GIVEN DATA Start Marker
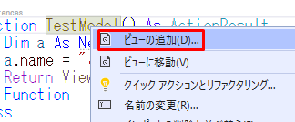 1.12行目のTestModelのあたりで右クリックし「ビューの追加」をクリックします。
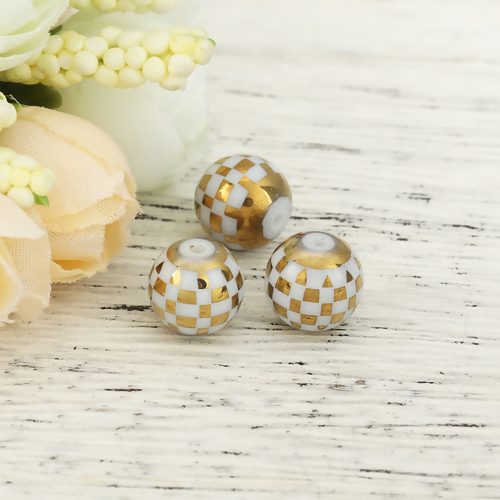 Glas Perlen Rund Golden Gitter ca. 10mm
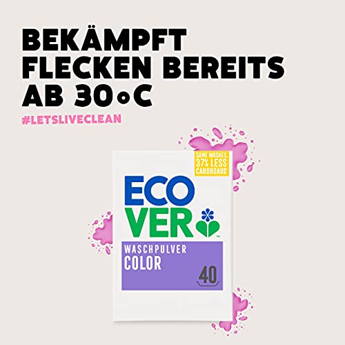 Ecover, detersivo ecologico in polvere per colorati, concentrato, fragranza: lavanda, 4 confezioni da 1,2 kg [etichetta in lingua italiana non garantita]
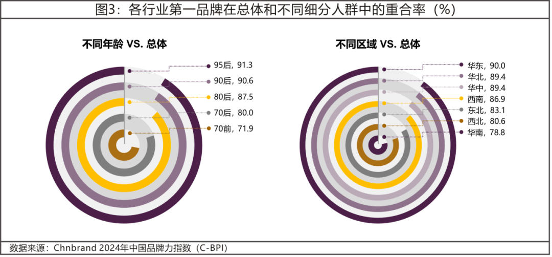 数据显示,95后的第一品牌与总体的第一品牌重合率最高,年轻人无疑已成为第一品牌C-BPI得分的主要贡献者。面对逐渐成为消费主力军的年轻人,品牌的年轻化也成为了必然趋势。
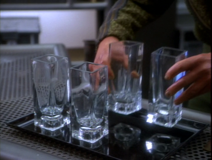 Odo takes the form of a glass on a drinks tray to sneak in where he’s not wanted. The bartender is Quark’s younger brother Rom, who, in previous episodes, has already been established as an idiot. He doesn’t notice the extra glass on the tray. They make sure to really focus on the glasses on the tray as it is carried, too. The camera lingers on it. But still, when the reveal happens, I wasn’t fully sure that I hadn’t missed something and that this wasn’t a different entity other than Odo, because it doesn’t follow any physical laws. Odo’s mass changes with his form.
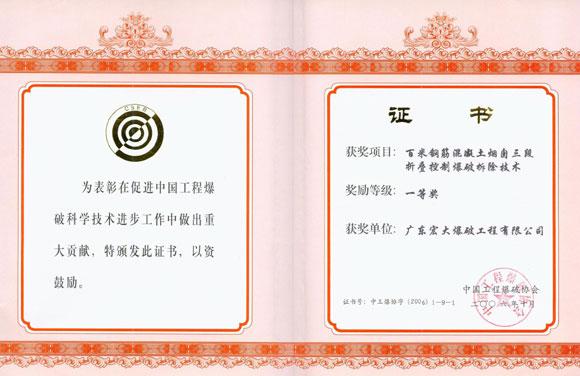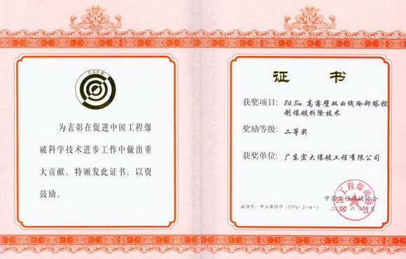 会议宣布了第三届中国工程爆破协会科学技术奖评选结果,我司“百米钢筋混凝土烟囱三段折叠控制爆破拆除技术”荣获一等奖,“84.8m高薄壁双曲线冷却塔控制爆破拆除技术”荣获二等奖,李战军博士的论文《建筑物爆破拆除粉尘治理及其机理研究》荣获青年优秀论文一等奖。
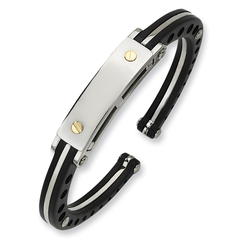 Stainless Steel Black PVC 18k Gold Accent Hinged Bangle
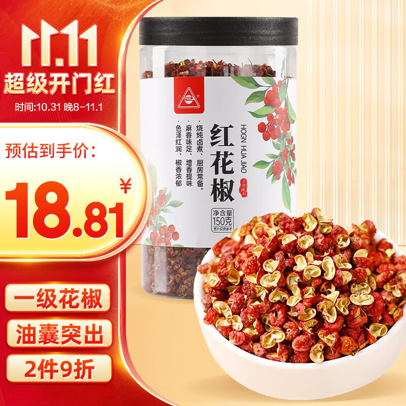 川珍红花椒150g罐装 一级麻椒 干花椒粒 火锅底料烧卤调味料 香辛料
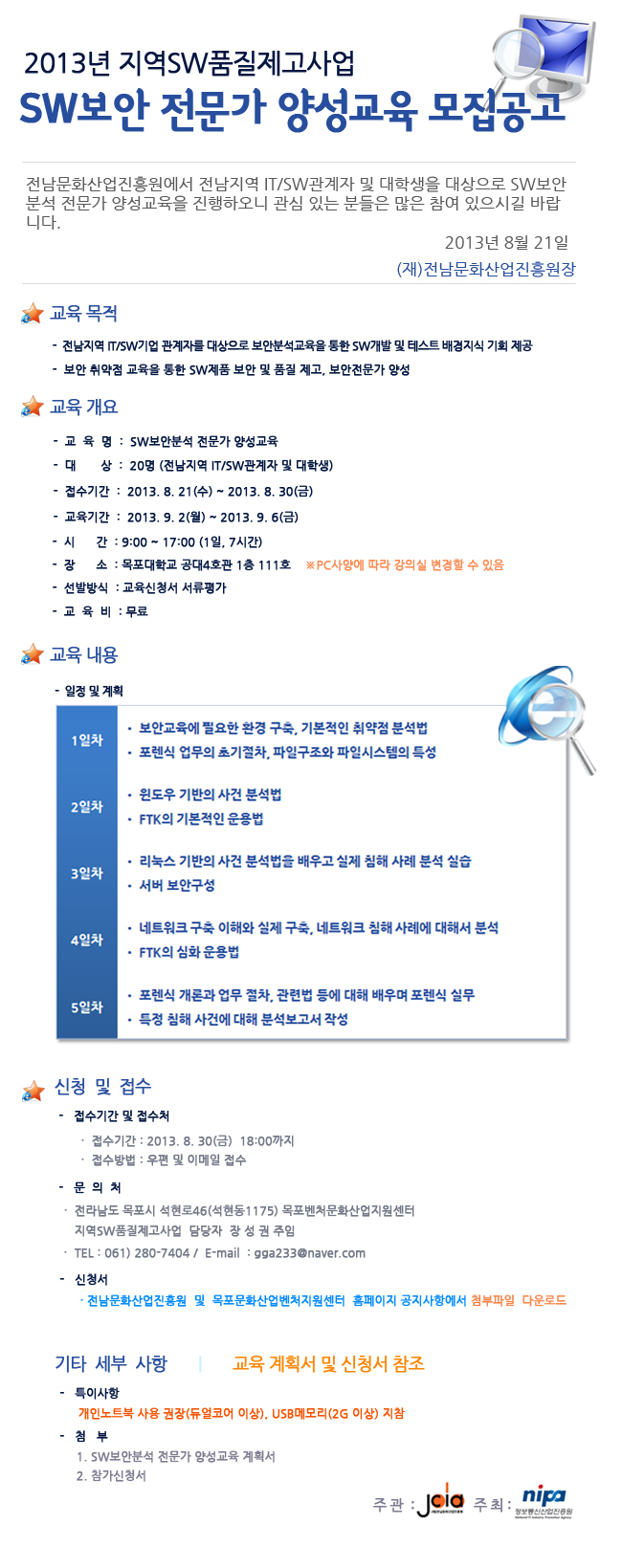 [공고 2013 - 60호] SW보안 전문가 양성교육 모집공고
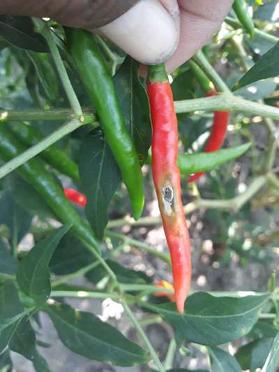 మా మిరప లో ఈ విధంగా కాయ మచ్చ ఎక్కువగా ఉంది ఏమి కొట్టిన కంట్రోల్ అవటం లేదు దయచేసి సరైన కెమికల్ తెలుపగలరు
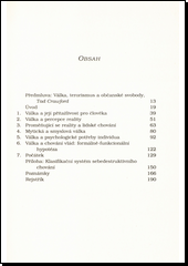 Autor nenabízí jednoduchá řešení a odpovědi, ale přístupně, názorně a srozumitelně přibližuje nejpravděpodobnější příčiny válek, podle nových i starších teorií psychologických, ekonomických i teorie sociálních skupin. V současné době převládají dva základní směry: první biologický a psychologický, druhý naopak chápe válku jako sociální vztah a instituci. Autor se také pokouší objasnit, proč právě válka velmi často inspiruje člověka k vysoké míře loyality, sebeobětování a vůle trpět fyzicky i psychicky, strádat i zemřít. Kniha přináší řadu velmi zajímavých poznatků, s některými závěry či tvrzeními ale nelze souhlasit. V závěru se autor pokouší zřejmě o nemožné, sám to sebekriticky nazývá počátkem cesty. Seznámí nás s některými myšlenkami, jak změnit vzorce lidského jednání a chování, jak zabránit dalším válkám.
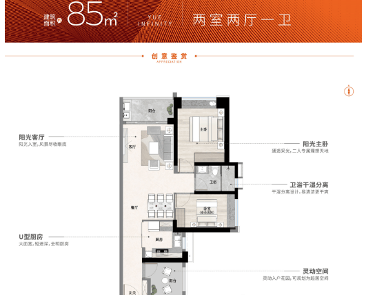 85-86㎡两房户型:作为项目的主力户型,设计更为舒适,南向朝向,能保证充足的采光和良好的通风效果,室内明亮通透,居住体验更佳。部分房源可俯瞰社区园林景观,视野开阔,闲暇时可以欣赏园林美景;户型布局合理,客厅宽敞明亮,卧室空间充足,能满足刚需家庭的日常居住需求,性价比突出,是刚需家庭的首选户型。
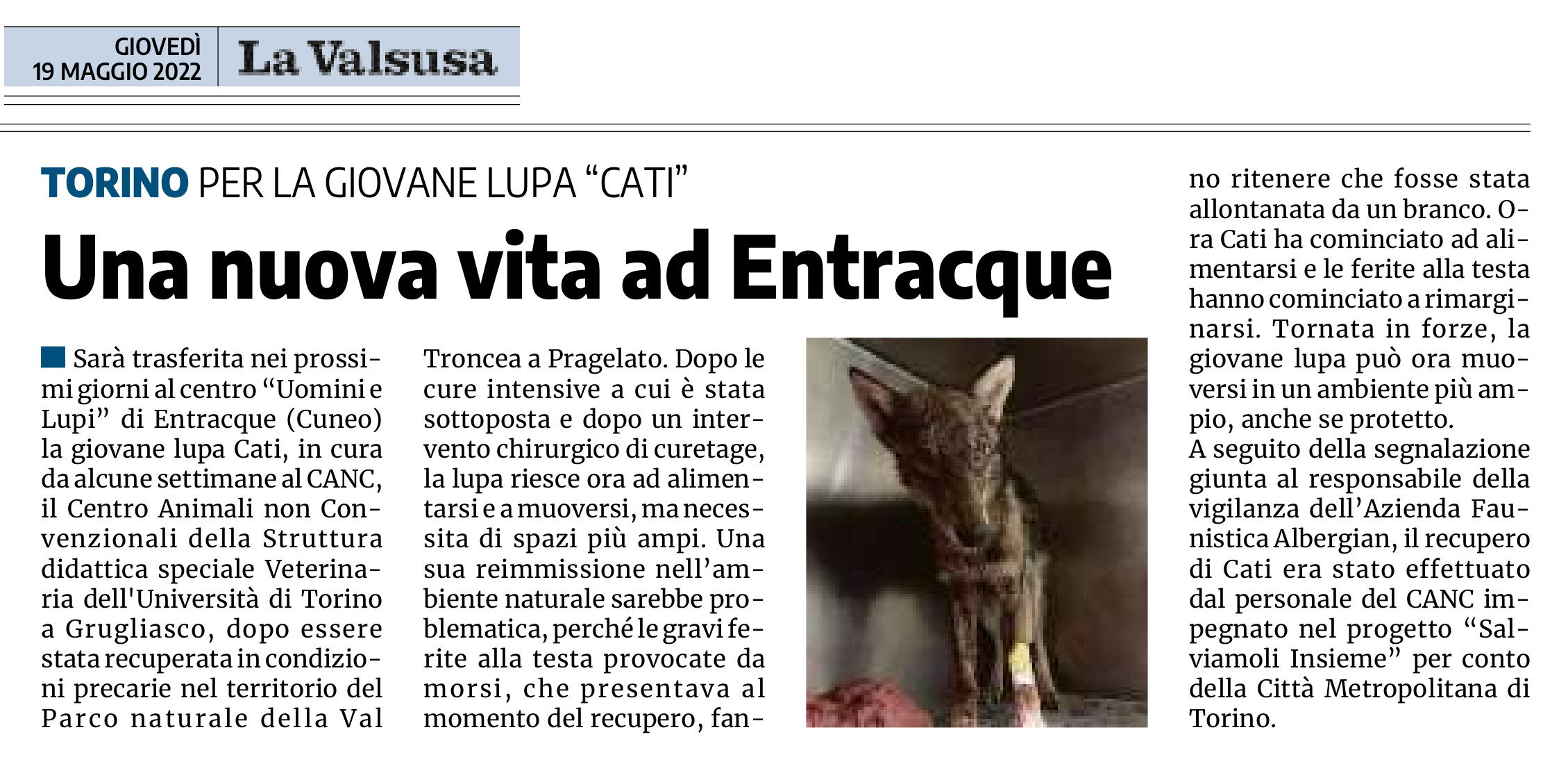 Una nuova vita per la lupa Cati, recuperata a Pragelato, al centro “Uomini e lupi”
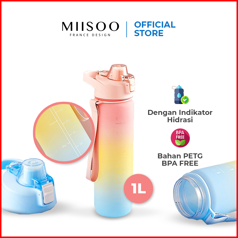 Miisoo Botol Minum Tumbler Olahraga Sport Unik Botol Motivasi 1000ml Botol Penanda Gradient Gradasi
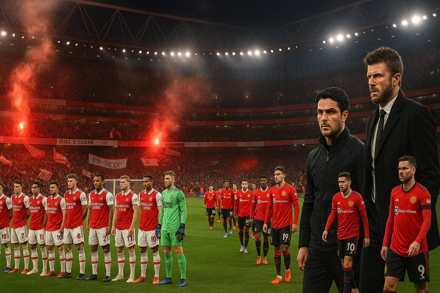Dynamic illustration of Arsenal hosting Manchester United at Emirates Stadium, fans and players gearing up for Premier League clash.
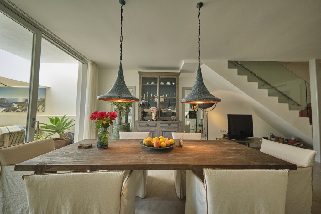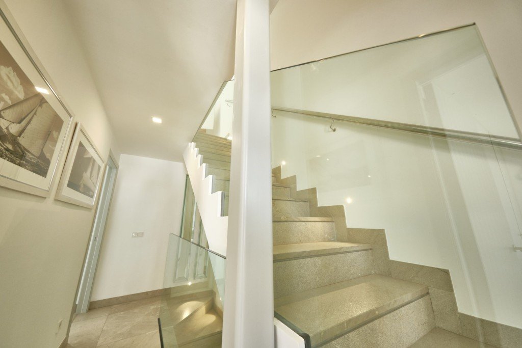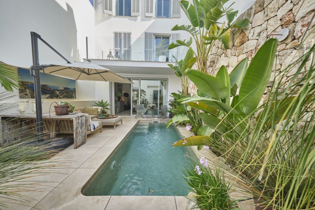 Das dreistöckige Haus ist ca. 172m2 groß und im Erdgeschoss befindet sich ein heller, offener Bereich, der eine Einbauküche, ein Wohn-/Esszimmer mit Kamin, ein Gäste-WC und eine Waschküche beinhaltet. Glastüren gewähren direkten Zugang zum Hofgarten, in dem sich ein pflegeleichter Garten mit tropischen Beetpflanzen, eine Terrasse und ein luxuriöses Tauchbecken befinden.
GIVEN DATA End Marker
Only the lines from the one that holds "Una nuova vita" through the end of the records above should be printed again, exactly as they are. Leave out the pictures.

**ANSWER FOR THIS EXERCISE**
 Una nuova vita per la lupa Cati, recuperata a Pragelato, al centro “Uomini e lupi”
 Miisoo Botol Minum Tumbler Olahraga Sport Unik Botol Motivasi 1000ml Botol Penanda Gradient Gradasi
Dynamic illustration of Arsenal hosting Manchester United at Emirates Stadium, fans and players gearing up for Premier League clash.
 Das dreistöckige Haus ist ca. 172m2 groß und im Erdgeschoss befindet sich ein heller, offener Bereich, der eine Einbauküche, ein Wohn-/Esszimmer mit Kamin, ein Gäste-WC und eine Waschküche beinhaltet. Glastüren gewähren direkten Zugang zum Hofgarten, in dem sich ein pflegeleichter Garten mit tropischen Beetpflanzen, eine Terrasse und ein luxuriöses Tauchbecken befinden.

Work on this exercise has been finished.